Découvrez pourquoi je suis si fière d’habiter la Mauricie et mes plus récents coups de cœur!

Nous vivons au rythme des saisons qui s’enchaînent, nous apprivoisons le chaud et le froid, nous passons du blanc au couleurs les plus flamboyantes, nous habitons un territoire qui nous force à être créatif!

Quand je pense à tous les changements auxquels on se soumet mois après mois, on dirait que je savoure davantage chaque rituel qui s’impose au gré du calendrier. Encore cette année, je fais mon jardin, une tradition à laquelle je ne peux me soustraire tant mes souvenirs d’enfance y sont rattachés. Mon jardin ne sera jamais aussi beau que celui de ma mère et je me plais à penser que mes garçons diront peut-être qu’ils viennent d’une lignée de pouce vert. C’est un beau cadeau que ma mère m’a fait en m’apprenant la patience de voir grandir tout ça, la bienveillance d’arroser, de désherber, la joie de récolter et de transformer. Les pieds dans l’eau de la piscine, un concombre dans une main, une carotte dans l’autre, j’apprenais le mot basilic et bette à carde, comme un poème qui goûte bon.

Quand j’ai les mains dans la terre, je ne peux m’empêcher de penser à tous ces producteurs qui en font un mode de vie pour accomplir cette essentielle et noble mission qui est celle de nous nourrir. Mais au-delà du simple fait alimentaire, ce sont des passionnés qui travaillent d’arrache-pied pour rendre la vie belle à croquer! La Mauricie est un immense jardin à ciel ouvert, ou les vallons sont recouverts de cultures de toute sorte.

Laissez-moi vous partager quelques anecdotes simples de mon quotidien qui n’ont besoin ni de grande planification, ni de grands détours pour exister. Dans un restaurant du centre-ville de Trois-Rivières, j’ai mangé dernièrement, des cœurs de quenouilles récoltés par un cueilleur forestier, un chasseur de trésor. En allant vers St-Paulin, je n’ai pu m’empêcher de m’acheter une chopine de fraises sucrées et juteuses à St-Étienne-des-Grès. Il n’en fallait pas plus pour installer une ambiance de fête dans la voiture. Arrivés au chalet, des amis chasseurs nous parlent d’une pièce de viande de sanglier achetée chez un éleveur de Yamachiche et soudainement, tout le monde se transforme en expert du BBQ et de mélanges d’épices secrètes, faisant compétition à toutes les émissions du genre sur nos chaînes spécialisées!  Un petit apéro avec la truite fumée de St-Alexis-des-Monts, accompagnée d’une bière de l’une de nos nombreuses microbrasseries du coin, nous font patienter pour le souper qui se fera au rythme lent de l’astre solaire qui allonge sa course vers l’horizon. Les épaules se détendent, les rires fusent, le temps suspend son vol et les souvenirs se fabriquent. On parle déjà de la boulangerie du coin où on ira faire le plein demain matin, des confitures maisons de la ferme d’à côté, du bon café au lait bio d’un producteur de St-Boniface, et les vacances se dessinent en repères culinaires qui illuminent les beaux jours de moments simples.

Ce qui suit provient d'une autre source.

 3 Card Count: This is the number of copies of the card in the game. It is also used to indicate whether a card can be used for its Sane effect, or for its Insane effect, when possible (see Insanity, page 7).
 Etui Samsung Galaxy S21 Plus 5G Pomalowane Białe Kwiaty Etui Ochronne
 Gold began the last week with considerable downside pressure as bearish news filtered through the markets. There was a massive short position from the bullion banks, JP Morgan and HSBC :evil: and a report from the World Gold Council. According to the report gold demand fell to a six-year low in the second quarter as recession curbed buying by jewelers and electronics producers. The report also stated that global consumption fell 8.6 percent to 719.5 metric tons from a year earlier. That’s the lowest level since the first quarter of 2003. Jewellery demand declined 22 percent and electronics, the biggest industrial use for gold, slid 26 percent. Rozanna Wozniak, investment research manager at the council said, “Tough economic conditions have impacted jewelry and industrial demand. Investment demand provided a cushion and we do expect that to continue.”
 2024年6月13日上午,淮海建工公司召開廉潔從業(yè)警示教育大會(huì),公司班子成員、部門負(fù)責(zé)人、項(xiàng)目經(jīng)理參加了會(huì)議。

Pourquoi je vous dis tout ça? Pour vous partager ma fierté de faire partie de cette communauté qui a tant à offrir. Ma fierté d’habiter un territoire où les lacs sont si nombreux que l’on peine à les compter. Mon émerveillement devant tant de savoir-faire et de passion. 

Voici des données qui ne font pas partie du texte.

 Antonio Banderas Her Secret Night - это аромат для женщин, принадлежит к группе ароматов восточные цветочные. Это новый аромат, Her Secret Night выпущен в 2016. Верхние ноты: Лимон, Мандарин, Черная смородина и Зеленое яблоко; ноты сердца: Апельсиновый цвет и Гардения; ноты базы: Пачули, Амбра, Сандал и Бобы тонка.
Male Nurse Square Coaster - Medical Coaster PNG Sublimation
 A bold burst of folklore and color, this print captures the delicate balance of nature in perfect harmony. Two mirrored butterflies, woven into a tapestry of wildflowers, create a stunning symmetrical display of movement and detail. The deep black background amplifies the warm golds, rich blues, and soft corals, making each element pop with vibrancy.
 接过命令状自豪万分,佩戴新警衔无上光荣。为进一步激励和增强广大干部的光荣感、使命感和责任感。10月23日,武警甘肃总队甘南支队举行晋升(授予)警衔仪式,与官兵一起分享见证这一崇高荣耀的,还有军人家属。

Parce qu’en tant qu’ambassadrice de la fierté, je crois que les souvenirs heureux ravivent notre sentiment d’appartenance et donne envie de le partager. Parce qu’aborder la vie avec nos sens à l’affût, réveille le plaisir d’être en vie et la reconnaissance d’habiter un territoire aussi riche. La mère de Félix Leclerc, qui s’appelait Fabiola d’ailleurs ;-), disait à la famille attablée autour d’un repas, de prendre le temps de savourer le bonheur quand il passait, et souvent le bonheur arrive en même temps qu’un plat à partager.

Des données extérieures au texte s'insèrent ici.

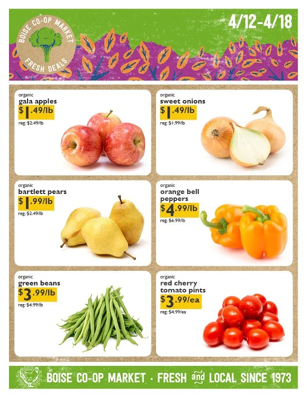 FRESH DEALS • APRIL 12-18 Wednesday, April 12, 2023 6:00 AM Tuesday, April 18, 2023 10:00 PM Google Calendar ICS Get Fresh!Every week, we’ve got new Fresh Deals on the best organic produce the Treasure Valley has to offer. Stock up on your favorite fruits and veggies and save!
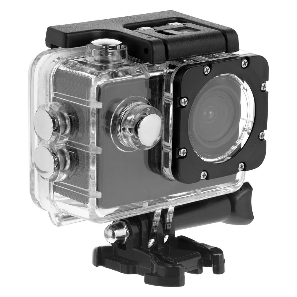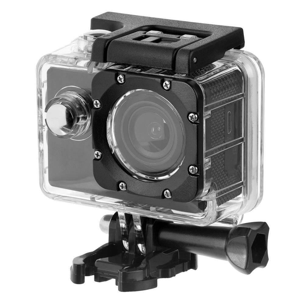 - Комплект аксессуаров: водонепроницаемый бокс для подводной съемки (до 30 метров), крепление на руль велосипеда, крепление на шлем, рамка, крепления с винтами, ремни (2 шт.), липучка (2 шт.).

Petite suggestion pour vous faciliter la vie, une application vraiment chouette et facile à utiliser pour identifier les commerces et producteurs près de vous, Mangeons Local! Vous m’en donnerez des nouvelles!

Pour ma part je crois que ma prochaine destination sera à coup sûr, les marchés publics qui ont commencé leurs activités, pour le plaisir de parler avec les producteurs d’ici et de repartir avec un sac rempli d’amour comestible!